It is commonplace for computing devices to incorporate power management features to support operating in various power states that each strike a different balance between consumption of electric power and availability of features to perform various tasks. In particular, portable computing devices tend to have rather sophisticated forms of power management in which the provision of the limited electric power available from a battery to various components is individually controllable.
For many of the uses to which a computing device may be put, it is often possible to allow a power management component to place the computing device in a lower power state. However, situations do arise in which it may be desired to maintain a computing device in a higher power state, and therefore, it may be desired to prevent a power management component from placing the computing device in a lower power state. By way of example, a computing device may be operated to perform playback of motion video, thereby requiring uninterrupted use of sufficient processing resources to decode motion video and uninterrupted use of a display to visually present the motion video. Further, such uninterrupted use of such resources may be required despite a limited supply of available electric power approaching depletion (e.g., despite a battery of the computing device running low).

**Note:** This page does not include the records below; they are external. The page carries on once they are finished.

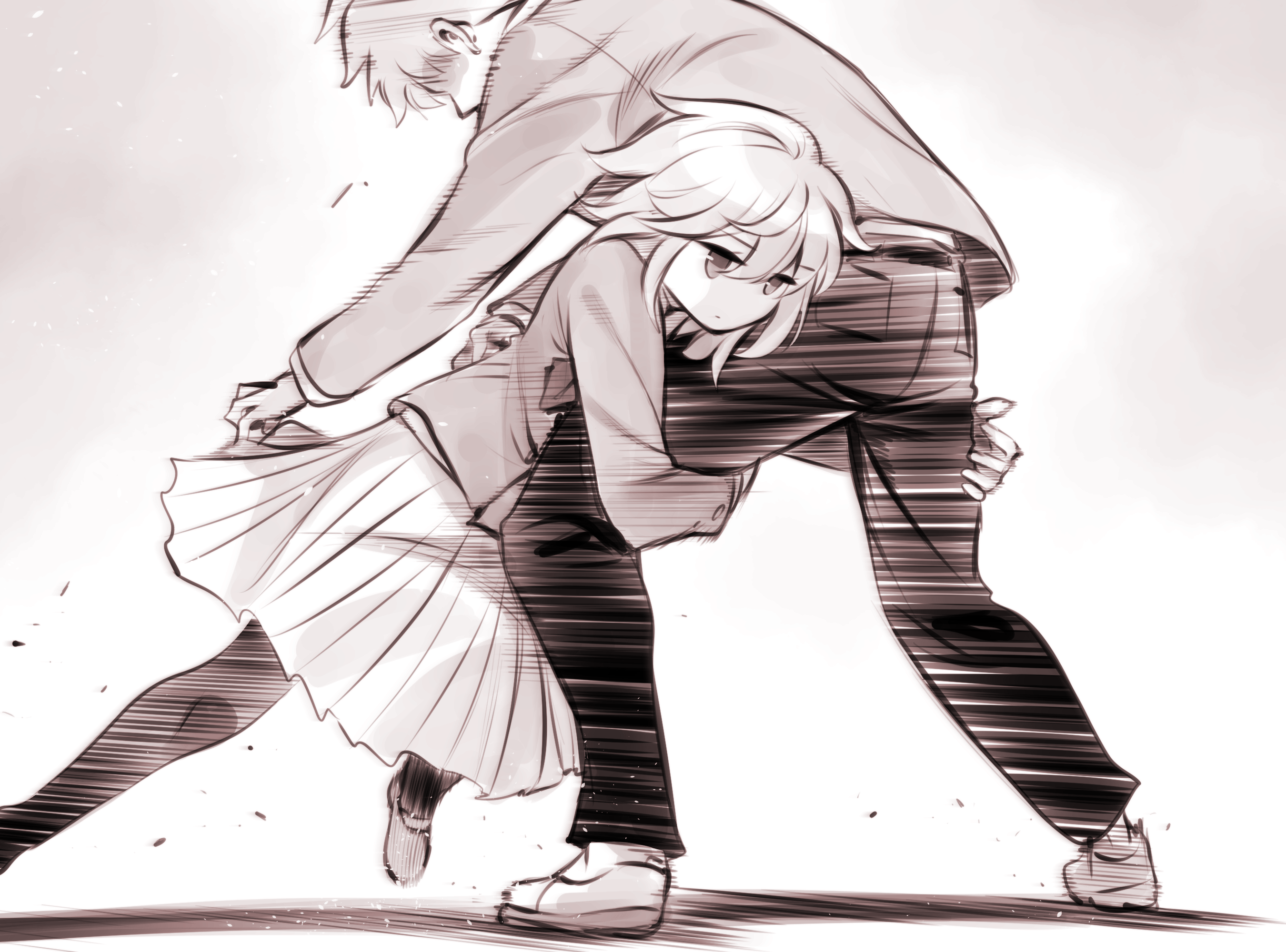 1boy 1girl blazer commentary_request expressionless expressionless_kouhai_(kato_takuji) grabbing_another's_leg highres jacket jitome kato_takuji long_sleeves medium_skirt monochrome motion_lines original pants pantyhose pleated_skirt school_uniform sepia short_hair skirt speed_lines wrestling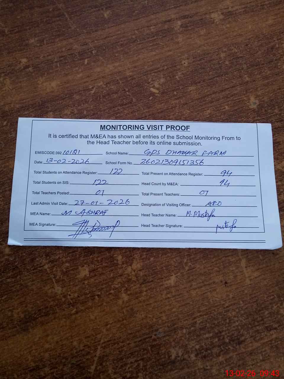 | EMIS Code: 39210181 | Name of School: GPS DHAKAR FARM PO PAKPATTAN | |||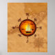 Póster Barco De Navegación Y Rosa De Brújula
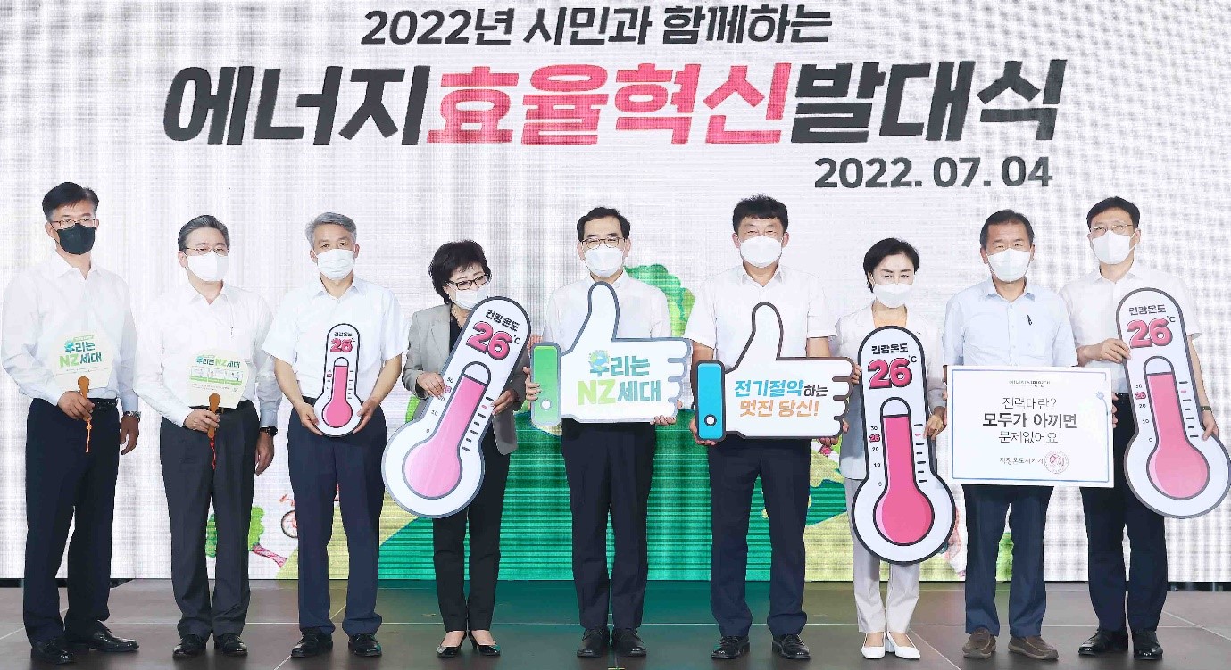 Trade, Industry and Energy Minister Lee Chang-yang attended the kick-off ceremony for “Energy Efficiency Innovation with Citizens 2022” at Seoul City Hall on July 4, which was held under the slogan, “Net-Zero (NZ) Generation, Caring for Earth.” Minister Lee delivered opening remarks and awarded “Energy Cashback” award certificates and plaques to households and apartments that succeeded in reaching energy reduction goals, followed by a signing ceremony date2022-07-05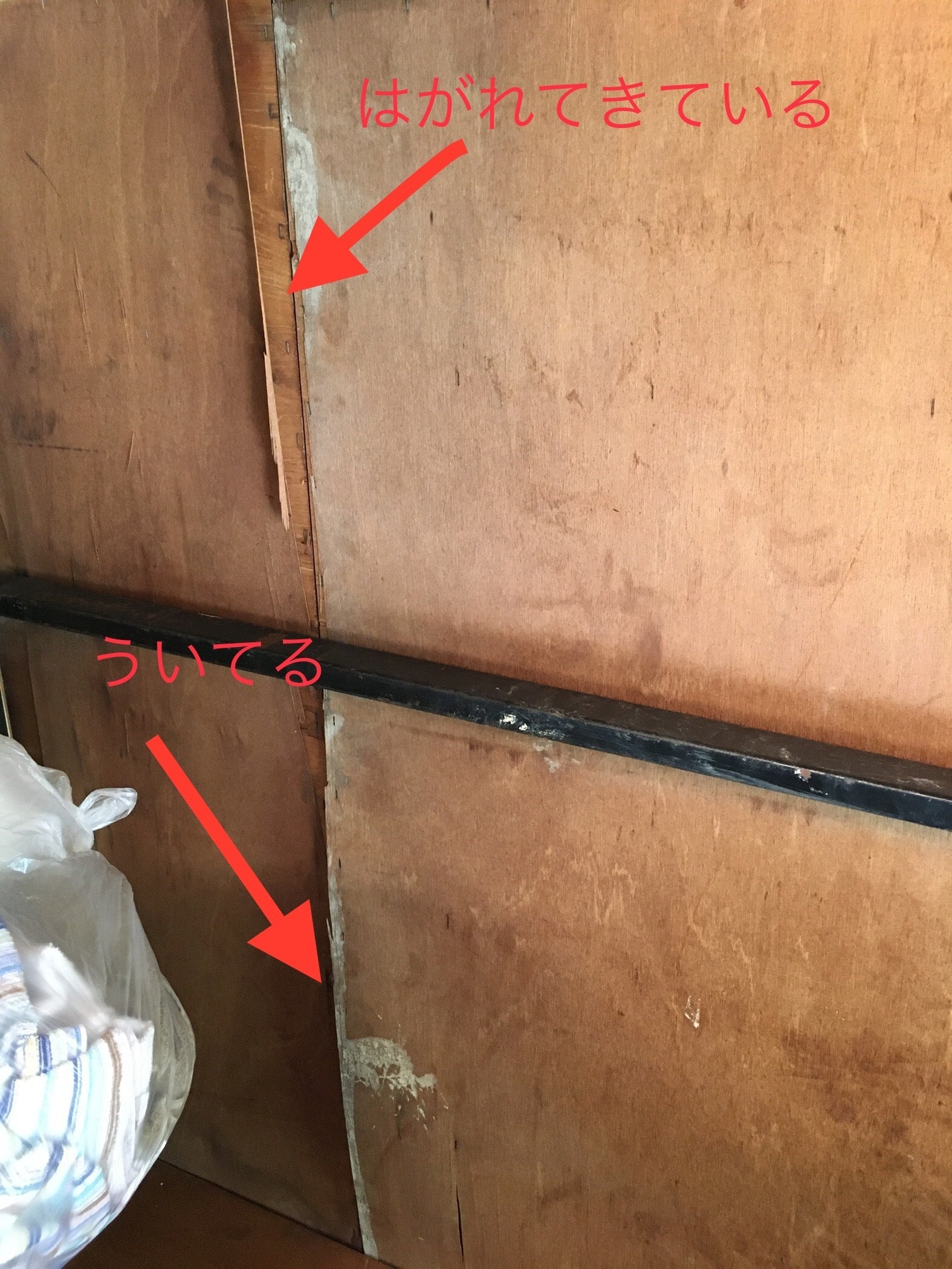 倉庫として使っているプレハブの、床の歪み、壁の湾曲などを補修します。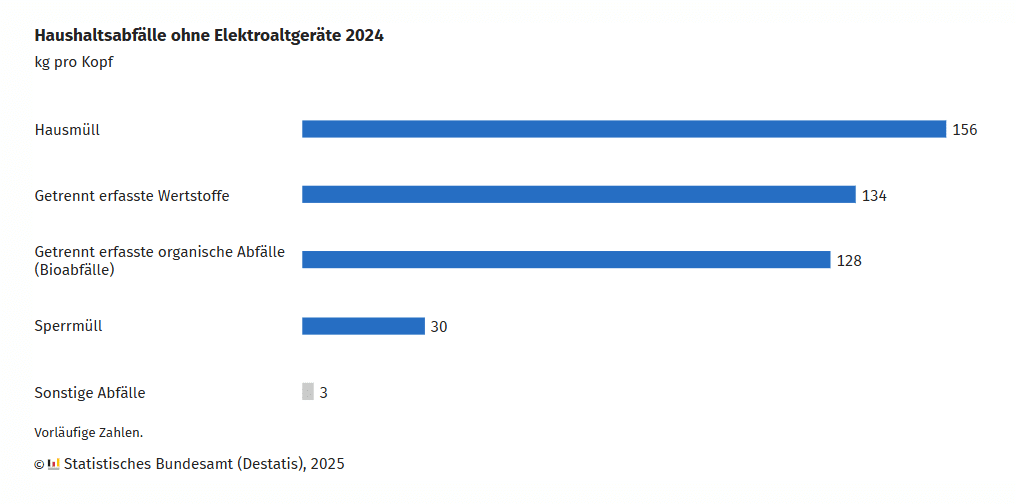 Das Aufkommen pro Kopf ist in 2024 ebenfalls in nahezu allen Haushaltsabfallarten gestiegen. Das Pro-Kopf-Aufkommen an Haus- und Sperrmüll wuchs gegenüber dem Vorjahr um 4 Kilogramm auf 187 Kilogramm. Bei den Bioabfällen war das Aufkommen im Jahr 2024 mit 128 Kilogramm pro Kopf um 7 Kilogramm höher als 2023. Die pro Kopf getrennt eingesammelte Menge an Wertstoffen blieb dagegen mit rund 134 Kilogramm unverändert gegenüber dem Vorjahr. (Quelle: Destatis)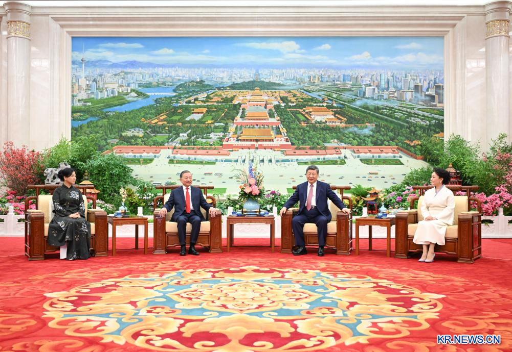 [신화망 베이징 4월 16일] 시진핑(習近平) 중국 공산당 중앙위원회 총서기, 국가주석과 부인 펑리위안(彭麗媛) 여사가 15일 오후 베이징 인민대회당에서 중국을 국빈 방문한 또 럼 베트남 공산당 서기장, 국가주석 및 부인 응오프엉리 여사와 작별 인사를 나눴다. [촬영/신화통신 기자 리샹(李響)]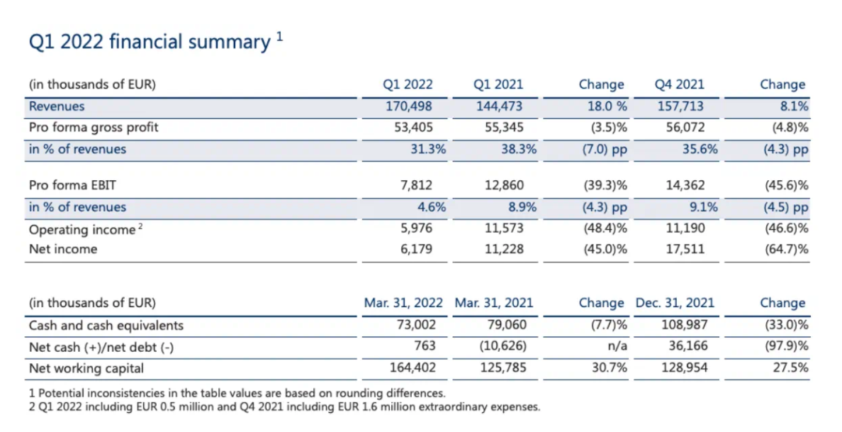 2022年第一季度,ADVA營收1.7億歐元,與去年同期的1.44億歐元相比同比增長18%。上個(gè)季度營收1.58億歐元,環(huán)比增長8.1%。2022 年第一季度的收入增長主要受通信服務(wù)提供商 (CSP) 和互聯(lián)網(wǎng)內(nèi)容提供商 (ICP) 需求增長的推動。ADVA 2022年第一季度毛利率31.3%,去年同期為38.3%,上個(gè)季度毛利率為35.6%。2022年第一季度凈收入617.9萬歐元,相比去年同期的1.12億歐元下滑45%,比上個(gè)季度的1.75億歐元下滑64.7%。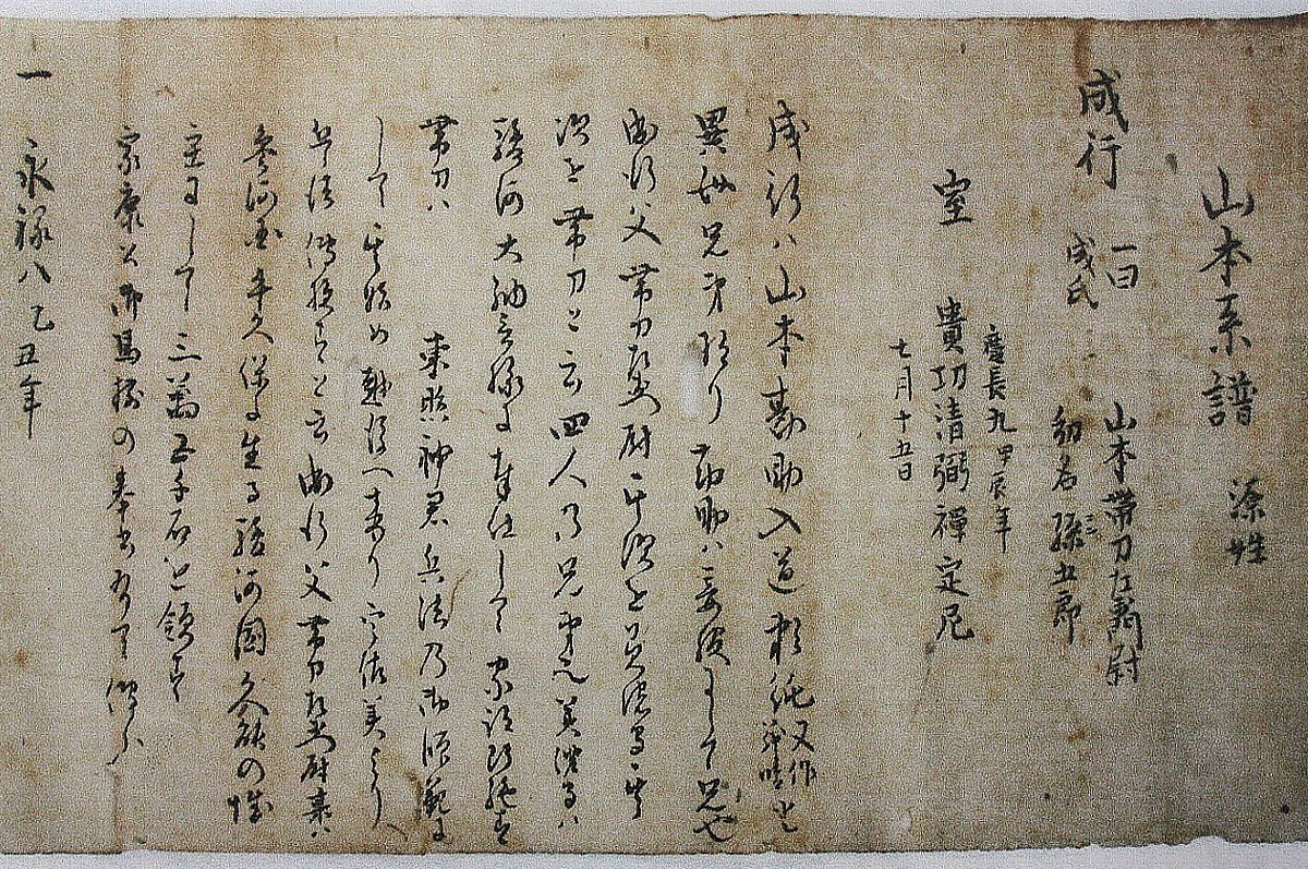 | 長岡市の中央図書館文書資料館に、注目すべき文書がある。永禄8年(1565)の山本系譜で山本成行の異母兄に勘助の存在を記述している。勘助は永禄4年(1561)の第4回川中島の合戦で亡くなるので、そのわずか4年後の文書となる。 |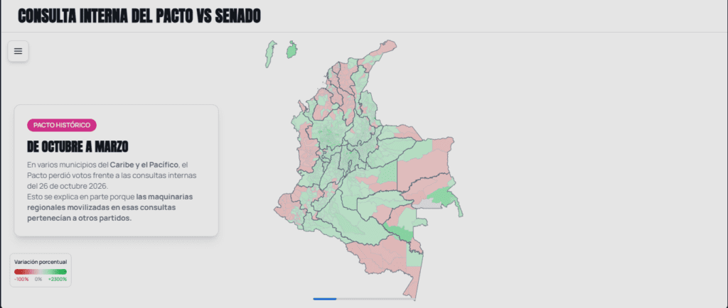 En varios municipios del Caribe y el Pacífico, el Pacto perdió votos frente a las consultas internas del 26 de octubre 2026.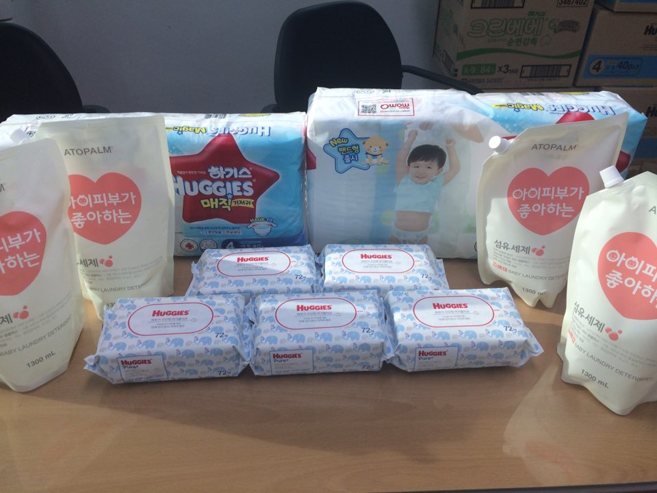 기저귀 3팩, 물티슈 10팩, 유아용세제 10팩

It has therefore become commonplace to provide function calls to allow application routines and/or various portions of an operating system to request that a power management component of a computing device refrain from placing the computing device in a lower power state. This has become commonly referred to as requesting or “acquiring” a “wakelock” in which a computing device is “locked” into a higher power state or “kept awake” such that it cannot enter a lower power state or “sleep mode.” Various implementations include support for calls to request a wakelock, calls to release a wakelock and/or calls to request a wakelock that is time limited such that it expires at the end of a specified period of time.
Unfortunately, the provision of such support for application routines to make use of wakelocks has been accompanied by the advent of so-called “no-sleep wakelock bugs” in which errors in application routines and/or other unexpected situations arise that result in excessive use of a wakelock, thereby leading to premature depletion of available electric power. These situations are sometimes referred to as “unexpected battery drain” and lead to debugging efforts to identify the manner in which a wakelock was somehow requested and granted, but never released.
Unfortunately, numerous portable computing devices incorporate operating systems that were not architected in a manner that facilitates quick detection of the source of such wakelock bugs. Various operating systems do support the generation of system log data that details the occurrence of various events over time. Also, various operating systems do support the ability to “dump” the current state of registers and various data structures to provide a detailed view of the state of components of the operating system, including whether there is a wakelock that was earlier requested, but which has not yet been released. However, no provision has been made to record or provide the data necessary to identify what routine or operating system component may have errantly requested a wakelock and/or neglected to release a wakelock.